Study material:
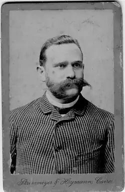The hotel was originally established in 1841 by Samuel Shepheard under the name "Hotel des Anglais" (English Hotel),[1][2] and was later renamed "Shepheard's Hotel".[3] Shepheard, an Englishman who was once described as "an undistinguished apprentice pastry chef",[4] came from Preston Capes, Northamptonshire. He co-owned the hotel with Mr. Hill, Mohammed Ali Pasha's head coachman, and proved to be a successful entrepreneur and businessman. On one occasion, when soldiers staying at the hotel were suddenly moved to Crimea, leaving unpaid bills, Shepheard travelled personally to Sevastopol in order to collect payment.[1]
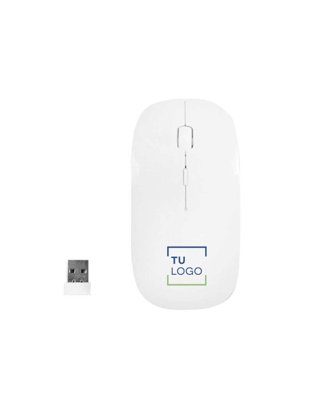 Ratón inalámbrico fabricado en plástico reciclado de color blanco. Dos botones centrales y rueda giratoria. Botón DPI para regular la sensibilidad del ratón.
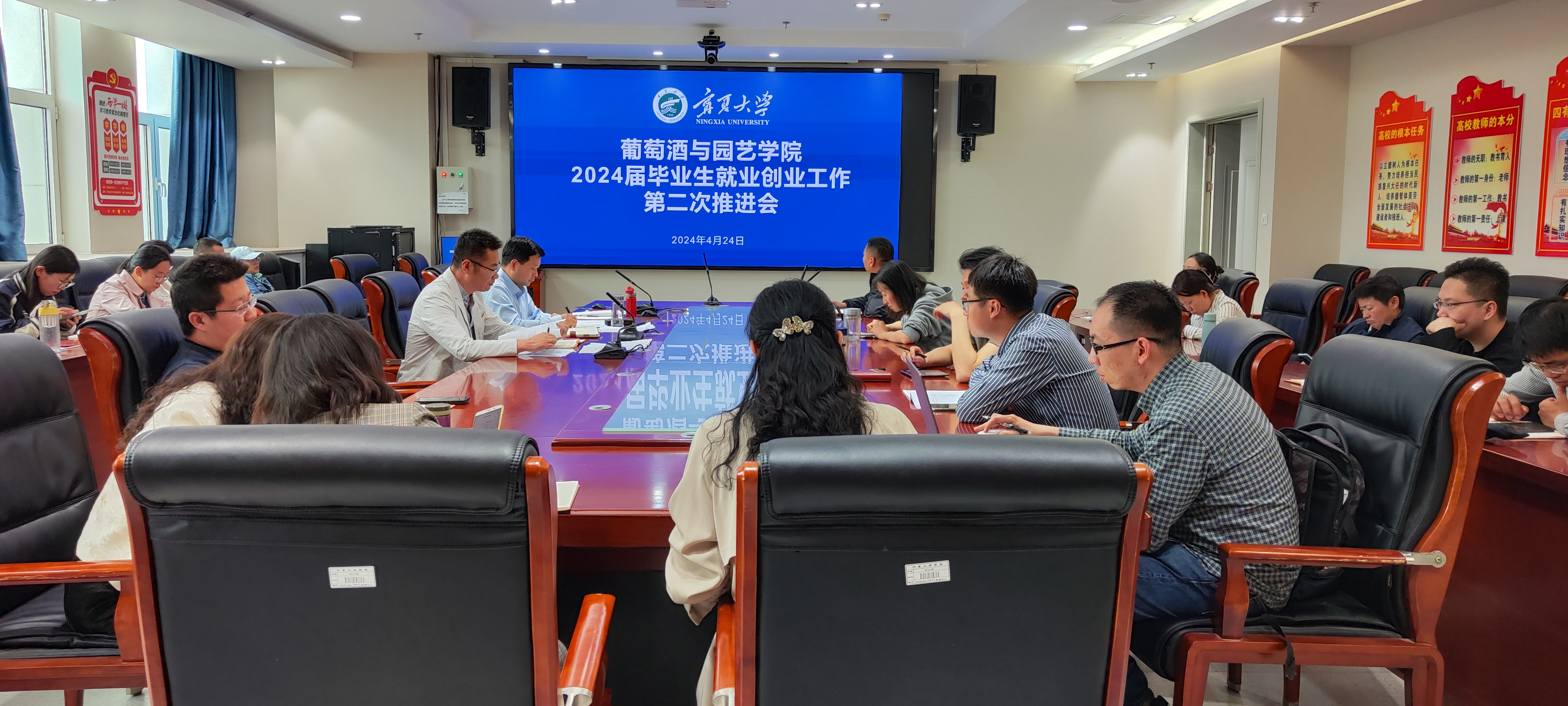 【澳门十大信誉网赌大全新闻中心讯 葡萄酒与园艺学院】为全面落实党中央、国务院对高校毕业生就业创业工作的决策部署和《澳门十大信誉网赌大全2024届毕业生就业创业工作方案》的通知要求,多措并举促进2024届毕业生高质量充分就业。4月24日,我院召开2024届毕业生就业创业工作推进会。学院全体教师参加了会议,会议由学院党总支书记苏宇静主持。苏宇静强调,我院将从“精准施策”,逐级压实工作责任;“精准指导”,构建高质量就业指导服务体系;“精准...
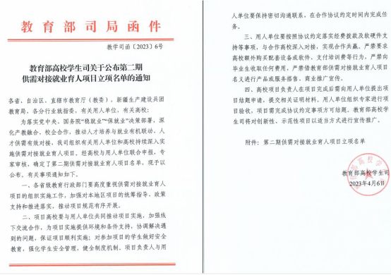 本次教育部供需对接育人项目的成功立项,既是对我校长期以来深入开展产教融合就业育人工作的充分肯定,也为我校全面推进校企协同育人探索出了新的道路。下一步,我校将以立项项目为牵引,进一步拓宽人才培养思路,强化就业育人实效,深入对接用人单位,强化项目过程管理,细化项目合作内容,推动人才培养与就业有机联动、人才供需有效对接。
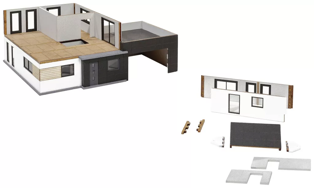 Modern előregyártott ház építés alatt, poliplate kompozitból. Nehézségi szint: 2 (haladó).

Work required:
The copy must start at the line containing "Ratón inalámbrico fabricado" and stop at the last line of the listing, both included, with every line exact and no pictures.

Result:
 Ratón inalámbrico fabricado en plástico reciclado de color blanco. Dos botones centrales y rueda giratoria. Botón DPI para regular la sensibilidad del ratón.
 【澳门十大信誉网赌大全新闻中心讯 葡萄酒与园艺学院】为全面落实党中央、国务院对高校毕业生就业创业工作的决策部署和《澳门十大信誉网赌大全2024届毕业生就业创业工作方案》的通知要求,多措并举促进2024届毕业生高质量充分就业。4月24日,我院召开2024届毕业生就业创业工作推进会。学院全体教师参加了会议,会议由学院党总支书记苏宇静主持。苏宇静强调,我院将从“精准施策”,逐级压实工作责任;“精准指导”,构建高质量就业指导服务体系;“精准...
 本次教育部供需对接育人项目的成功立项,既是对我校长期以来深入开展产教融合就业育人工作的充分肯定,也为我校全面推进校企协同育人探索出了新的道路。下一步,我校将以立项项目为牵引,进一步拓宽人才培养思路,强化就业育人实效,深入对接用人单位,强化项目过程管理,细化项目合作内容,推动人才培养与就业有机联动、人才供需有效对接。
 Modern előregyártott ház építés alatt, poliplate kompozitból. Nehézségi szint: 2 (haladó).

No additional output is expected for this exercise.